I recently did a presentation for the MN Amateur Radio Technical Society (MN-ARTS) on Operational Amplifiers. During that presentation, I was showing and discussing some of the applications in ham radio for Op Amps and one of them involved the use within SDR’s to perform a Hilbert Transform on the sampled RF in order to pass this onto a DSP function using the PC sound card audio approach used in 1st and 2nd generation SDRs. That prompted a side conversation on the possibility of doing an SDR kit for our November Build-A-Thon.
So I went off to see what I could put together for a minimal SDR kit. Surveying the past and current designs, I came back to the Softrock series of SDR kits once I understood the implications of doing a hardware design that would work with existing SDR software packages like HDSDR, PowerSDR 2.4, SDR#, etc. As the Softrock series by Tony Parks, KB9YIG had been around for a while, I started thinking about simplifying and improving its design in order to reduce the BOM cost and at that same time provide a very functional kit. Below is the 1st board layout that I sent to OSHPark for prototyping.

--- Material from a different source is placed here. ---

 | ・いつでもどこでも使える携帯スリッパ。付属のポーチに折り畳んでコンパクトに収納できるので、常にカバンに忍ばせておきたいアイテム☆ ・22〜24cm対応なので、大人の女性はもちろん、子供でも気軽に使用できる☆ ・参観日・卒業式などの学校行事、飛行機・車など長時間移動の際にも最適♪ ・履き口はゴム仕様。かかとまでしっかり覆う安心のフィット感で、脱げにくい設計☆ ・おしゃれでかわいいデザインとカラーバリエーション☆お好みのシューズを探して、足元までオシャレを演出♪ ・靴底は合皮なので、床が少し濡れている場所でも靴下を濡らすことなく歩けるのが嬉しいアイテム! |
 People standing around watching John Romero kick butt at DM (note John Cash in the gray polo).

Some of the key changes I made were to use a mini USB-B instead of the bulky full size B connector, powering the entire board from USB, using a SN74CBT3253 analog switch IC, and adding a 5th order Butterworth front-end bandpass filter. One of the reasons the board can be run on USB power alone is that I used lower power components and went with a single-band design rather than a multi-band approach. As this kit was intended to be simpler, and less costly than a Softrock Ensemble for example, a single-band receiver was a good way to reduce the BOM.
One major challenge in reducing the area of the PCB, again to reduce cost, was in the layout while attempting to keep the digital traces away from the analog to reduce spur generation from the broadband nature of the 4x and 1x signals within the digital circuits.

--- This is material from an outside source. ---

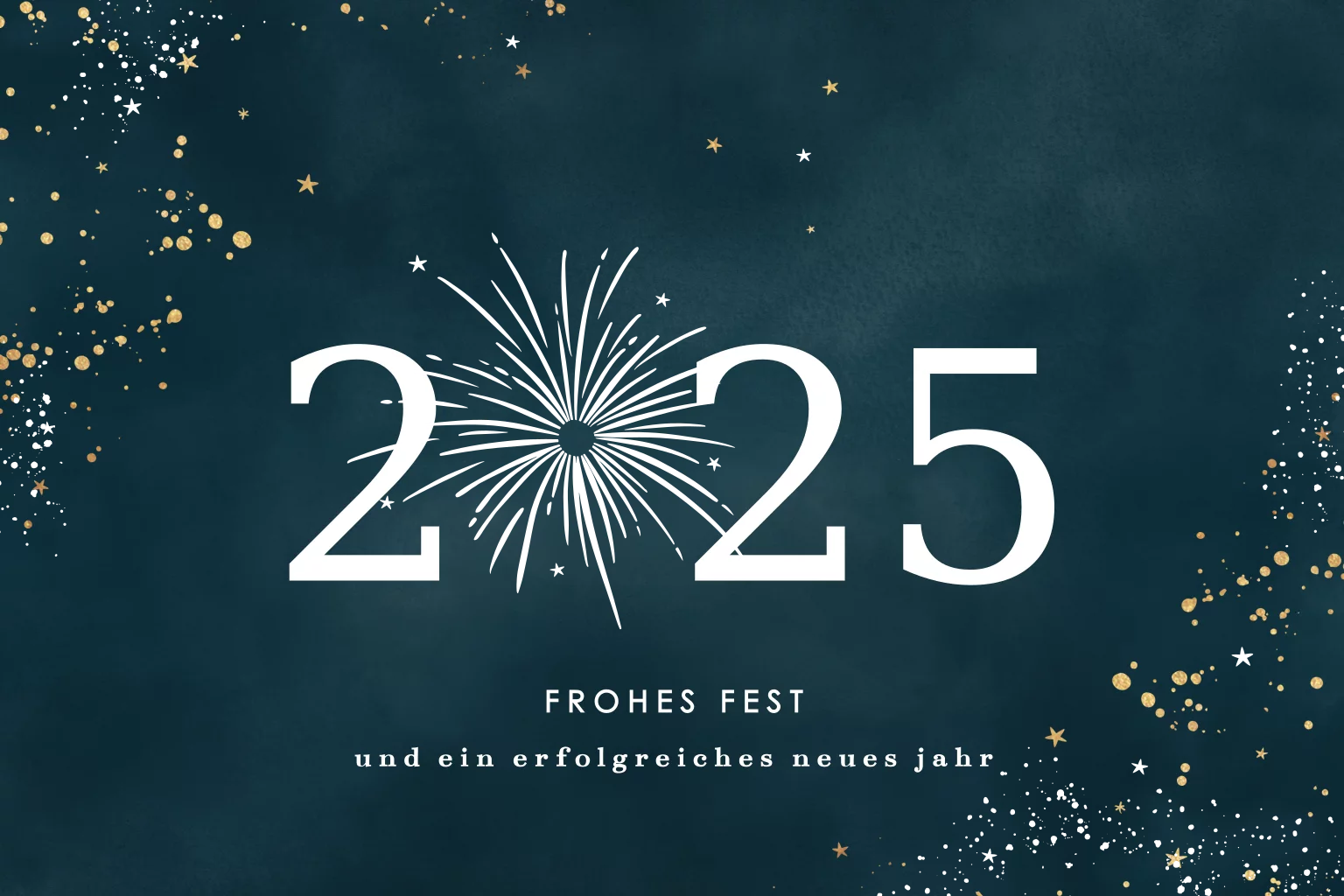 Neujahrskarte mit einem großen goldenen Feuerwerk in Folie

The boards from OSHPark came in Thursday’s mail and I planned a Saturday morning of fun-filled soldering. My main goal was to get the kit assembled to see if I had actually pulled-off a correct layout in 1 rev. Fortunately I had, though I did manage to get the 3.3v LDO regulator symbol backwards on the PCB silkscreen. I’ll take that kind of PCB layout error anyday over cutting traces and adding blue wires. So I was happy to see and hear CW signals when I first put the board into service with HDSDR.

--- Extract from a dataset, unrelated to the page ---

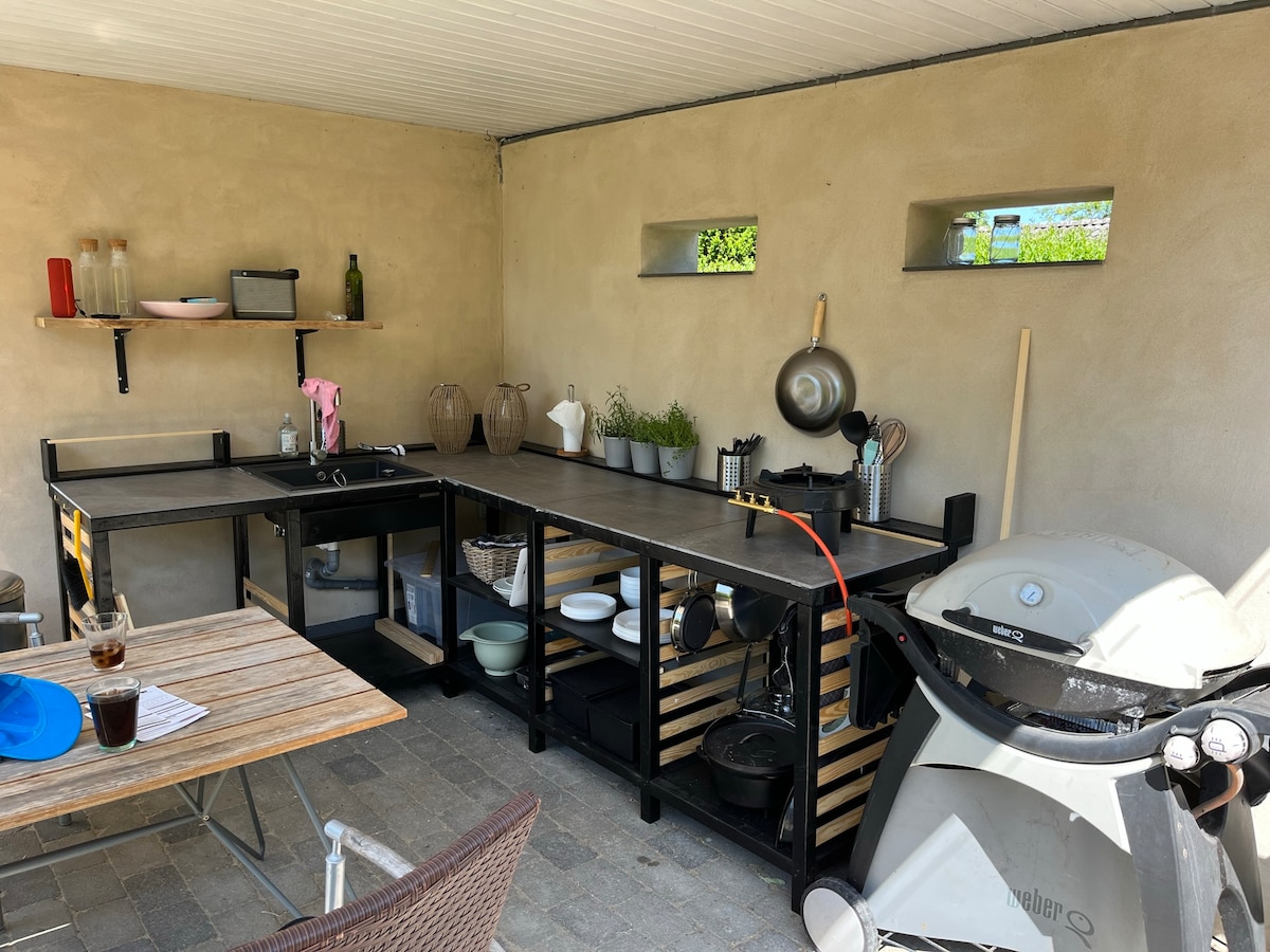 Enjoy our cozy apartment, in a quiet and charming historical neighborood, next to Fælledparken (the biggest park in Copenhagen), and a few minutes by bike from the center of the city. The house can host 5 adults + 1 baby/kid. It has 2 bedrooms, one large living/dining room, a kitchen with island, 2 bathrooms (1 large and 1 small), with a cozy front yard and a very peaceful backyard, both equipped with dining and sitting areas. The house is kid-friendly and pet-friendly!

Below is the populated PCB, with an SI570 on the bottom layer near the ATTINY-85 micro sitting in the 8-pin DIP socket.
I prefer to use PowerSDR 2.4.4, just I had with the Softrock I built about 2 years ago, primarily due to it’s superior DSP software capabilities and clean sound. Below is a capture of a QSO on 14.156 I was listening to this morning.
The noise level was running about S-6 and one of the hams was running a FlexRadio SDR himself which had outstanding audio on TX, and I was able to widen the IF to 2.9 kHz and enjoy a crystal clear morning QSO.
More to come as I make a few minor revisions to the board and write-up the build instructions.